From: Lee Schermerhorn <Lee.Schermerhorn@hp.com>
To: Rik van Riel <riel@redhat.com>
Cc: Andrew Morton <akpm@linux-foundation.org>,
Andrea Arcangeli <andrea@suse.de>,
linux-mm@kvack.org, Nick Dokos <nicholas.dokos@hp.com>
Subject: Re: [PATCH 01 of 16] remove nr_scan_inactive/active
Date: Fri, 29 Jun 2007 09:38:29 -0400 [thread overview]
Message-ID: <1183124309.5037.31.camel@localhost> (raw)
In-Reply-To: <468439E8.4040606@redhat.com>
On Thu, 2007-06-28 at 18:44 -0400, Rik van Riel wrote:
> Andrew Morton wrote:
>
> > Where's the system time being spent?
>
> OK, it turns out that there is quite a bit of variability
> in where the system spends its time. I did a number of
> reaim runs and averaged the time the system spent in the
> top functions.
>
> This is with the Fedora rawhide kernel config, which has
> quite a few debugging options enabled.
>
> _raw_spin_lock 32.0%
> page_check_address 12.7%
> __delay 10.8%
> mwait_idle 10.4%
> anon_vma_unlink 5.7%
> __anon_vma_link 5.3%
> lockdep_reset_lock 3.5%
> __kmalloc_node_track_caller 2.8%
> security_port_sid 1.8%
> kfree 1.6%
> anon_vma_link 1.2%
> page_referenced_one 1.1%
>
> In short, the system is waiting on the anon_vma lock.
>
> I wonder if Lee Schemmerhorn's patch to turn that
> spinlock into an rwlock would help this workload,
> or if we simply should scan fewer pages in the
> pageout code.
>
Rik:
Here's a fairly recent version of the patch if you want to try it on
your workload. We've seen mixed results on somewhat larger systems,
with and without your split LRU patch. I've started writing up those
results. I'll try to get back to finishing up the writeup after OLS and
vacation.
Regards,
Lee
-----------
Patch against 2.6.22-rc4-mm2
Make the anon_vma list lock a read/write lock. Heaviest use of this
lock is in the page_referenced()/try_to_unmap() calls from vmscan
[shrink_page_list()]. These functions can use a read lock to allow
some parallelism for different cpus trying to reclaim pages mapped
via the same set of vmas.
This change should not change the footprint of the anon_vma in the
non-debug case.
Signed-off-by: Lee Schermerhorn <lee.schermerhorn@hp.com>
include/linux/rmap.h | 9 ++++++---
mm/migrate.c | 4 ++--
mm/mmap.c | 4 ++--
mm/rmap.c | 20 ++++++++++----------
4 files changed, 20 insertions(+), 17 deletions(-)

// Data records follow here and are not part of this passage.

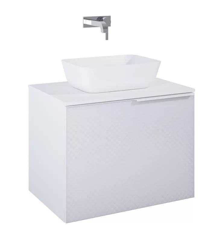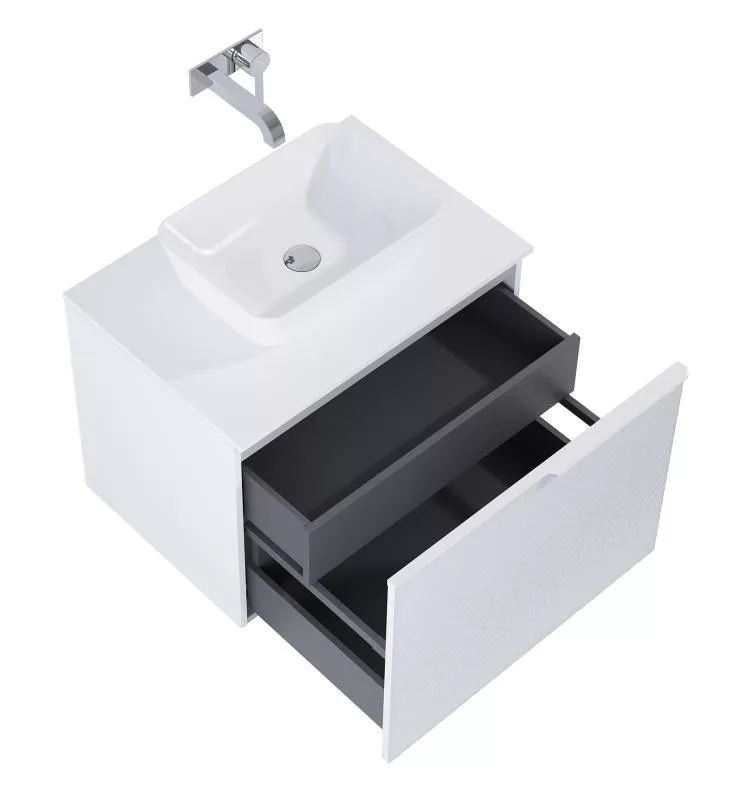 TECHNIKAI LEÍRÁS: összeszerelt termék szín: matt fehér belső fiók szifonkivágás nélkül, így helytakarékos szifon beszerelése szükséges fiók a fiókban kialakítás előlap és korpusz16 mmes laminált forgácslapból dekorüveggel borított előlap teljes kihúzható, softclose fiókok fém oldallal színazonos alumínium fogantyú 2 állítható fém akasztó 240 kg összkapacitású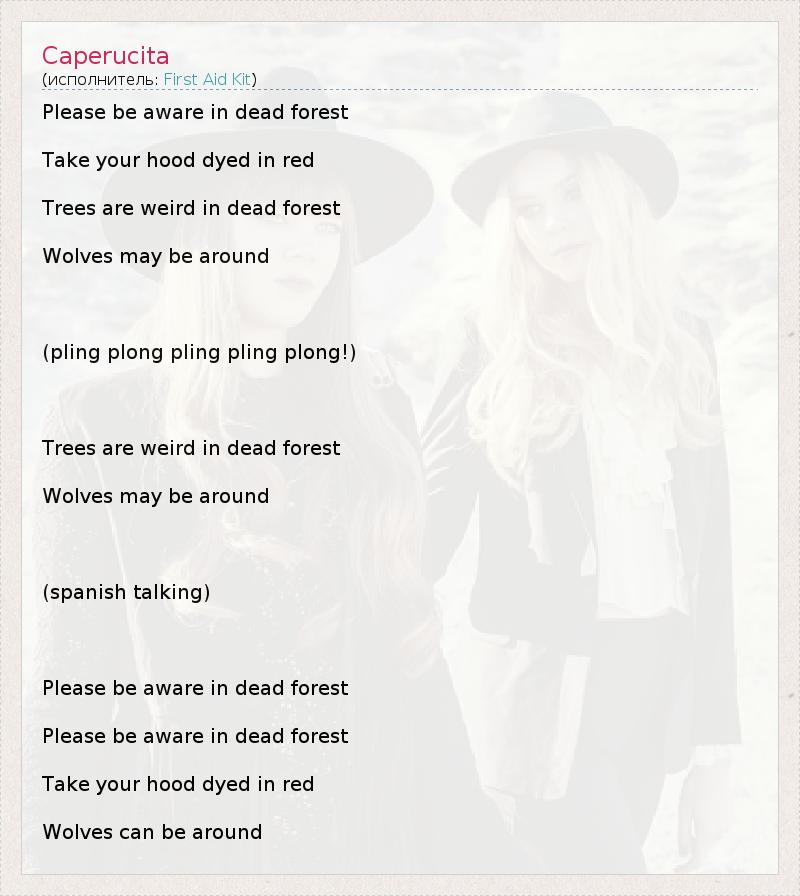 Это интересно:Существуют две группы с названием First Aid Kit:1) Испанский индитроника-дуэт с красивым женским вокалом. Состав: Agnès Aran (вокал) и Carles Querol (гитара и всё остальное). Записали два полноценных альбома: F1rst (2006) и Plaits (2008).2) Шведский дуэт сестёр Йоханны (1990 г.р.) и Клары (1993 г.р.) Сёдерберг. Играют лёгкий акустический фолк/кантри. В 2008 году выпустили EP под названием Drunken Trees, полноформатные The Big Black... продолжение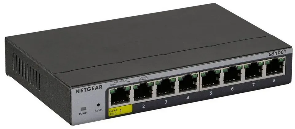 Kategorie: Netzwerk-Switches - Netgear - GTIN:0606449138634 - Produktdetails Lieferumfang , Netgear GS108T-300PES + Zubehör laut Herstellerangabe, Technische Daten WEEE-Reg.-Nr. DE , 40725385, - 76,01 Euro bei OTTO - gefunden von billiger.de Reichelt.de bietet hier einen GS108T3 mit PoE, was für die Stromversorgung von Endgeräten nützlich ist. Reichelt.d e NETGEAR GS108T3 - Switch, 8-Port, Gigabit Ethernet, PoE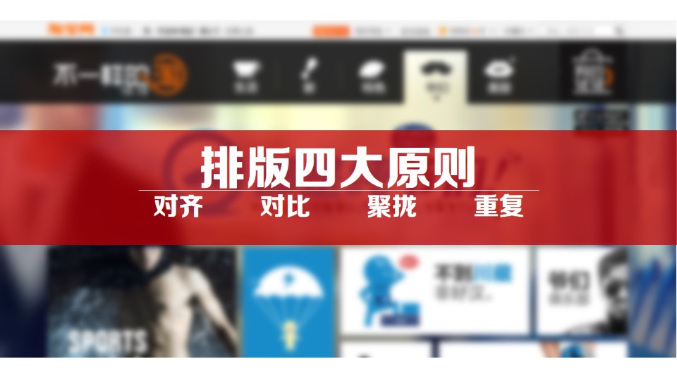 :淘宝双十二,教给我的PPT排版, 要不要来点PPT?淘宝其实也送知识哦~排版四大原则,对齐,对比,聚拢,重复,1.那些看得见的对齐;细节,决定成败!图是三部分,有木有?2.用什么制造对比;模糊背景vs纯色字、图,有好图,你看不看?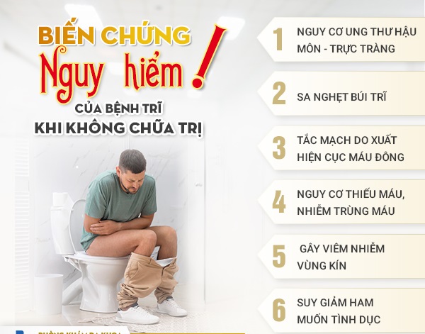 - Sa nghẹt, tắc mạch trĩ: Búi trĩ phồng to, cản trở lưu thông máu, người bệnh đau buốt, khó ngồi hoặc đi lại.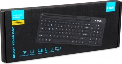 The Wireless Keyboard iBOX Kallisto offers a multifunctional solution for your devices. It provides both wireless USB 2.4 GHz and Bluetooth connectivity, making it a universal choice for computers and mobile devices. A special slot allows for convenient placement of a mobile device in front of the user, and the function of switching between paired devices makes working in diverse environments easy.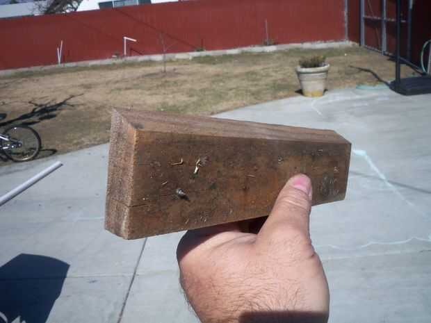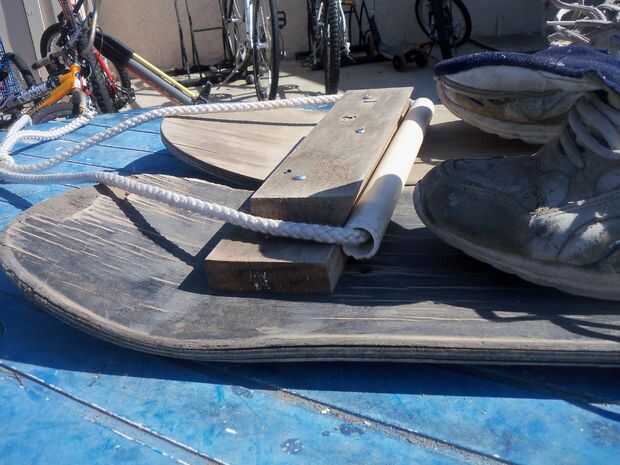Función de seguridad #2: retención de la cuerda de la remolque. Agarrados a la cuerda de la remolque es resistente en los brazos y estragos con equilibrio de esquiador. La cuerda de la remolque toma de la tensión de la esquiadora y pone en los cielos. Esto hace esquí muy fácil, incluso para el más pequeño de los niños. Cortar una pieza de 10 pulgadas de madera en un ángulo 30 grados. Tornillo de este pedazo de madera para el soporte delantero, como se muestra. Esto creará un "bolsillo" para la cuerda de la remolque.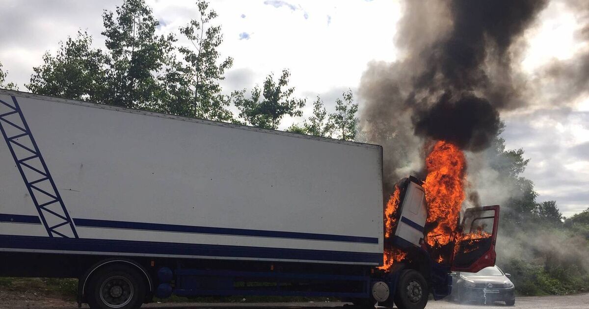 Fire services confirmed there was no one in the truck as the blaze took hold and there are no reported injuries.
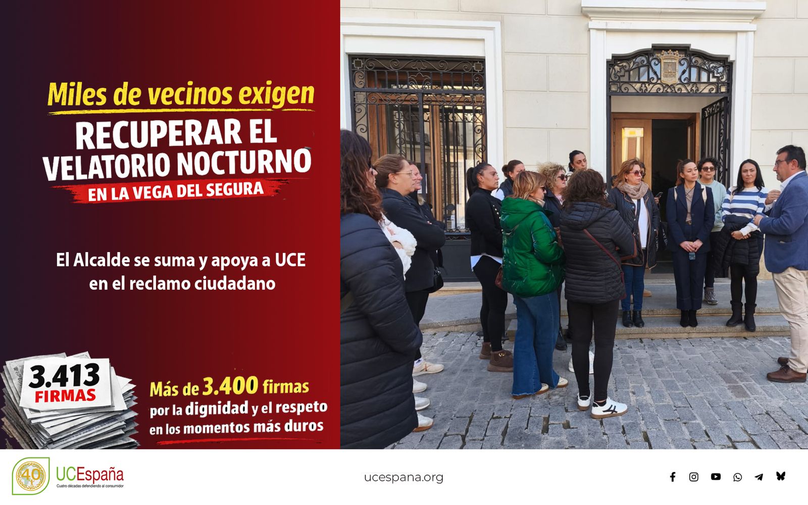 Más de 3.400 firmas reclaman dignidad y respeto para las familias en uno de los momentos más duros de su vida. El alcalde se une y apoya a UCE en el reclamo ciudadano.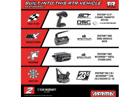 - Radio System: Spektrum SLT3 2.4GHz – 3-channel transmitter with throttle limiting switch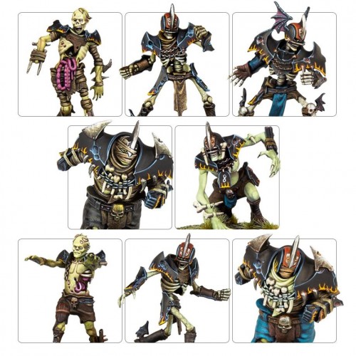 The Champions of Death team set contains 14 multipart plastic players covered in rusted armour, and eight thematic gaming accessories: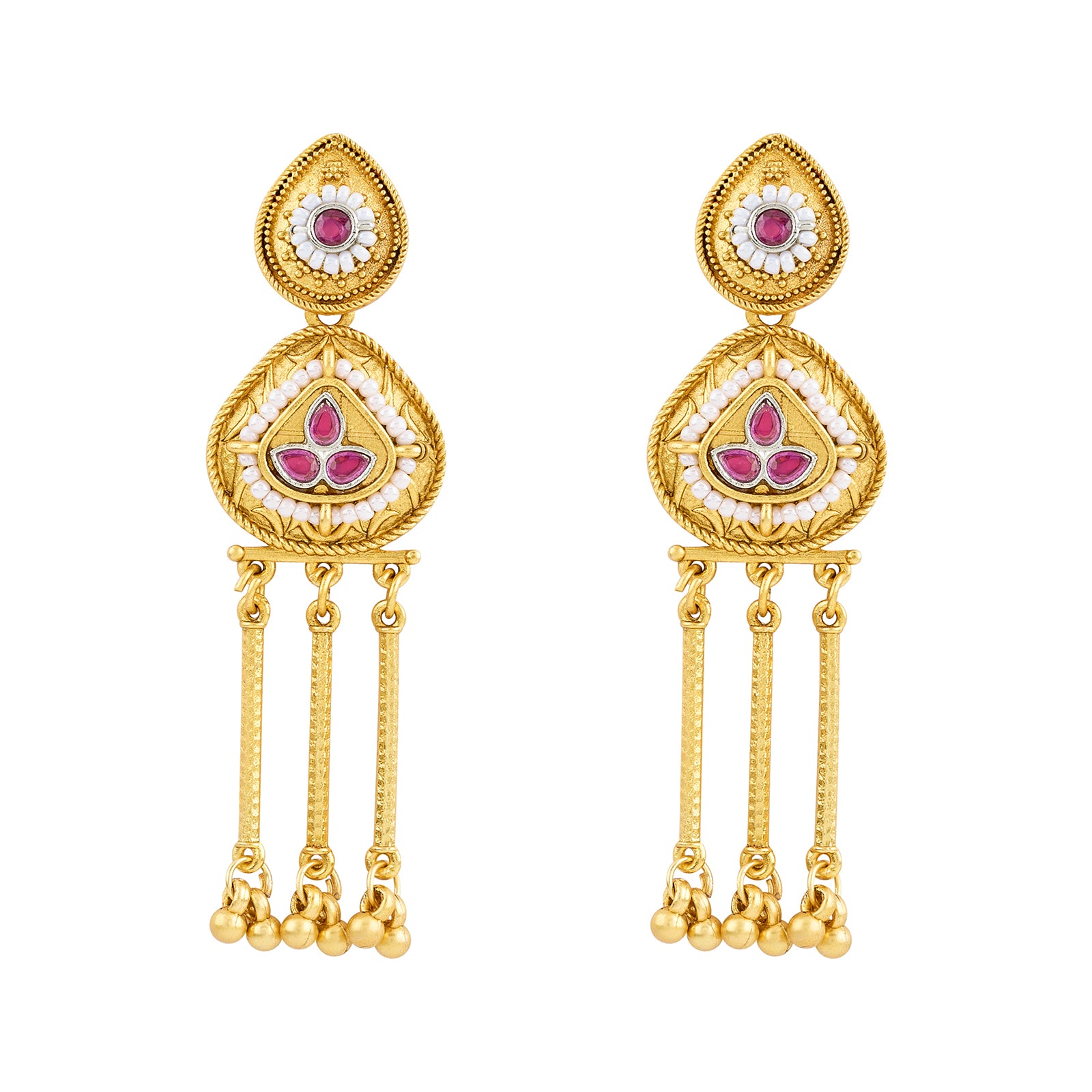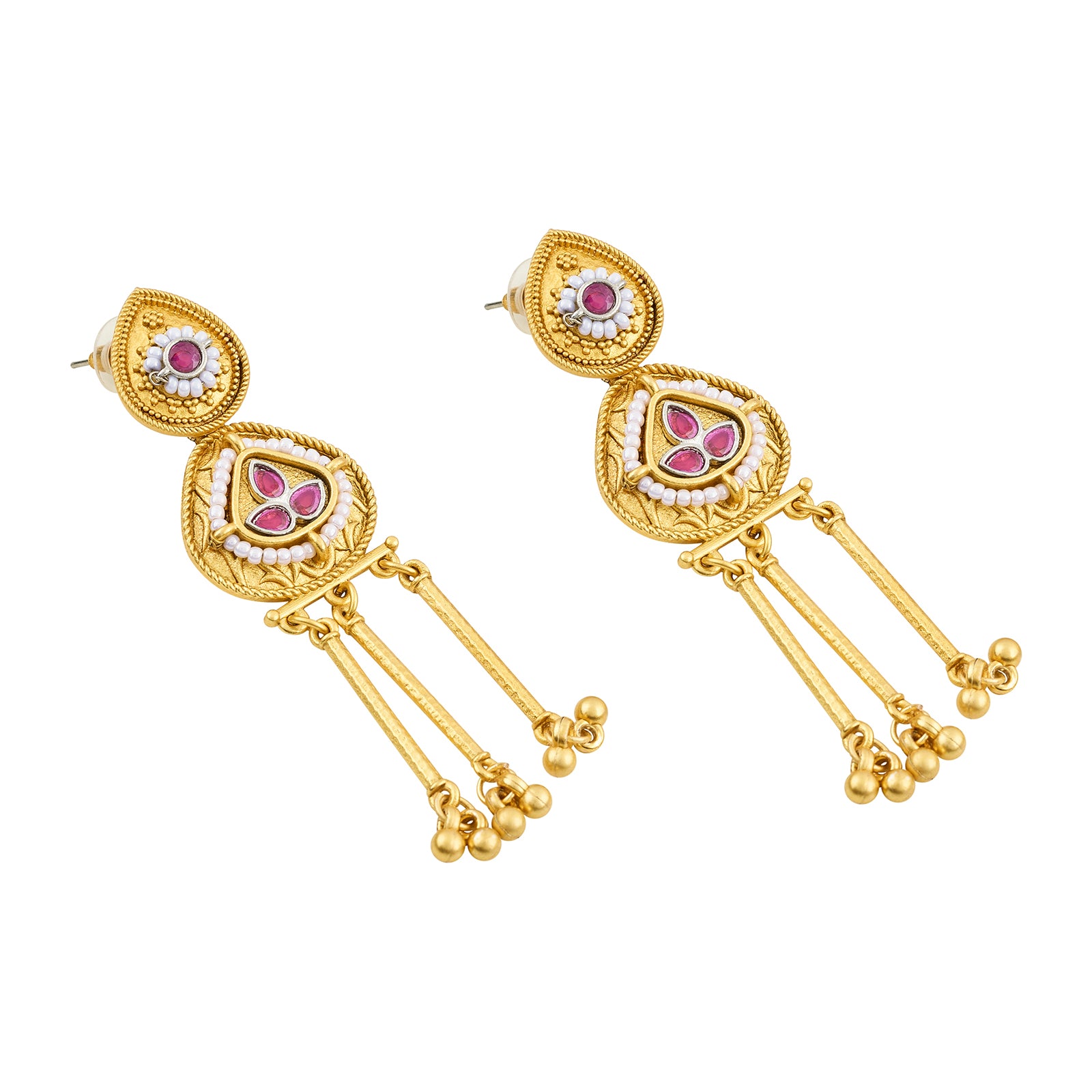 Teejh Amara Gold Red Stone Danglers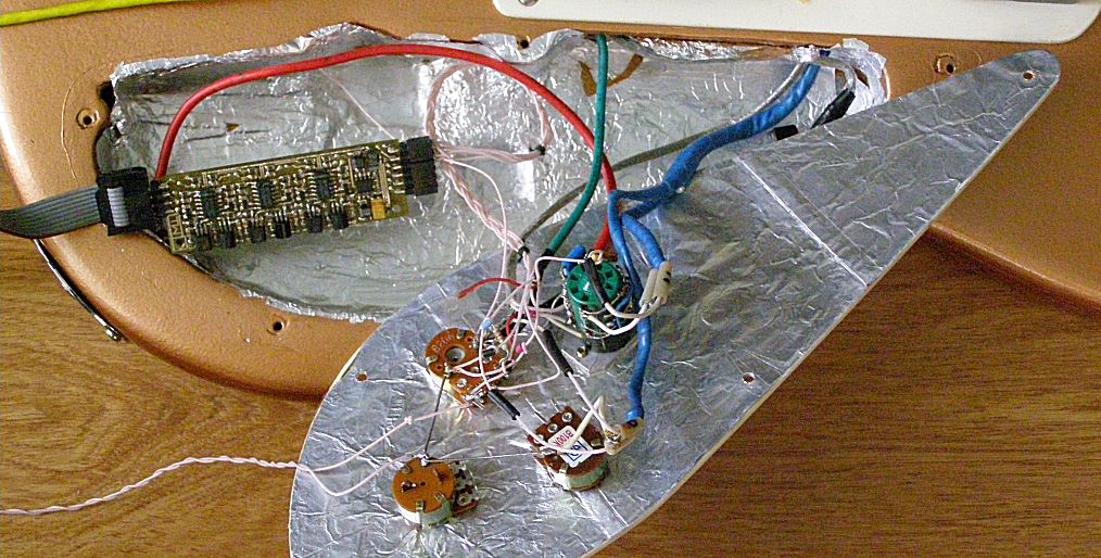 Была даже мысль сделать электронику в коробке, связав трёхметровым самодельным патчкордом из шести витух. Да подходящего разъёма не нашлось, да и место в гитаре имелось - потому внешний вариант оставил на потом.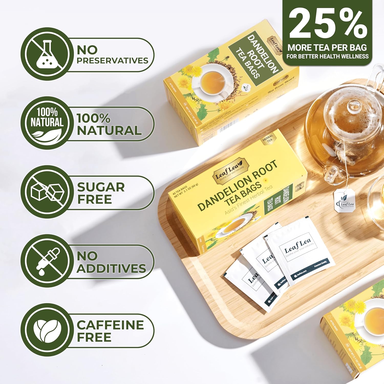 - PURE & NATURAL DANDELION ROOT: LeafLea brings you the finest dandelion root tea bags, made with 100% natural ingredients. Grown with non-pesticide or chemical-free, these dandelion root tea bags provide a safe and healthy tea experience, perfect for your well-being.

Index: Linux/include/linux/rmap.h
===================================================================
--- Linux.orig/include/linux/rmap.h 2007-06-11 14:39:56.000000000 -0400
+++ Linux/include/linux/rmap.h 2007-06-20 09:49:24.000000000 -0400
@@ -24,7 +24,7 @@
* pointing to this anon_vma once its vma list is empty.
*/
struct anon_vma {
- spinlock_t lock; /* Serialize access to vma list */
+ rwlock_t rwlock; /* Serialize access to vma list */
struct list_head head; /* List of private "related" vmas */
};
@@ -42,18 +42,21 @@ static inline void anon_vma_free(struct
kmem_cache_free(anon_vma_cachep, anon_vma);
}
+/*
+ * This needs to be a write lock for __vma_link()
+ */
static inline void anon_vma_lock(struct vm_area_struct *vma)
{
struct anon_vma *anon_vma = vma->anon_vma;
if (anon_vma)
- spin_lock(&anon_vma->lock);
+ write_lock(&anon_vma->rwlock);
}
static inline void anon_vma_unlock(struct vm_area_struct *vma)
{
struct anon_vma *anon_vma = vma->anon_vma;
if (anon_vma)
- spin_unlock(&anon_vma->lock);
+ write_unlock(&anon_vma->rwlock);
}
/*
Index: Linux/mm/rmap.c
===================================================================
--- Linux.orig/mm/rmap.c 2007-06-11 14:40:06.000000000 -0400
+++ Linux/mm/rmap.c 2007-06-20 09:50:27.000000000 -0400
@@ -25,7 +25,7 @@
* mm->mmap_sem
* page->flags PG_locked (lock_page)
* mapping->i_mmap_lock
- * anon_vma->lock
+ * anon_vma->rwlock
* mm->page_table_lock or pte_lock
* zone->lru_lock (in mark_page_accessed, isolate_lru_page)
* swap_lock (in swap_duplicate, swap_info_get)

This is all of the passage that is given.